In production, it is recommended to publish schemas upstream, via CI/CD after creating or modifying them. The schema registry then checks the compatibility of the changes with the strategy defined for the associated topic (example: with a BACKWARD compatibility aiming at updating consumers before producers of an event, only deletions of fields or additions of optional fields are allowed, which allows the producer to continue working with the old version of the schema).
To avoid the heavy syntax of Avro schemas, it is possible to use the IDL Protocol format which is more condensed and allows you to generate Avro schemas. Each event can then be stored individually in configuration management under its IDL version.
Example of a deployment pipeline:
avdl2avsc : uses the "idl2schema" command of the "org.apache.avro:avro-tools" utility
avsc2java : generate the sources via the goal "schema" of the "avro-maven-plugin" plugin
test-compatibility : use the "test-compatibility" goal of the kafka-schema-registry-maven-plugin
register : uses the "register" goal of the kafka-schema-registry-maven-plugin
Applications can then declare a dependency on the events they produce or consume via Maven.
Topics and ACLs
Topics and ACLs can be deployed using Kafka GitOps, an open source product available here: https://github.com/devshawn/kafka-gitops.

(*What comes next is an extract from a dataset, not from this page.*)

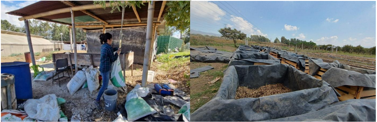
Figura 7. Apoyo a la compañera de recursos naturales.

Kafka GitOps allows to define a desired state via Yaml files:
- Topics and associated settings
- Services using topics and associated accounts
It provides a CLI that allows you to apply changes from a previous state.
The elements presented in this section allow us to tackle the main challenges of implementing an event-driven architecture with Kafka.
The routing and processing of events is guaranteed by the multiplication of brokers and the 'at-least-once delivery' configuration of Kafka. It is also necessary to guard against the occurrence of duplicate events that will inevitably occur due to the distributed nature of the system. This ensures that an event that occurs in the system is always taken into account by the components that subscribe to it and offers the same level of reliability as with synchronous exchanges.
Furthermore, the applications that make up the system must speak the same language, which must be able to evolve over time. We have seen here that the schema registry is a good way to achieve this by centralizing the format of all the events and by making it possible to test the compatibility at the time of the production of an event, as well as at the time of the publication of a new version of an event.
Finally, to facilitate maintenance and the construction of new event flows, it is necessary to industrialize the deployment of the various artifacts that make the event architecture work (topics, schemas, ACLs, etc.). This will make life easier for your teams that will have to build other flows on the Kafka technical base and facilitate the generalization of the event-driven architecture on the system.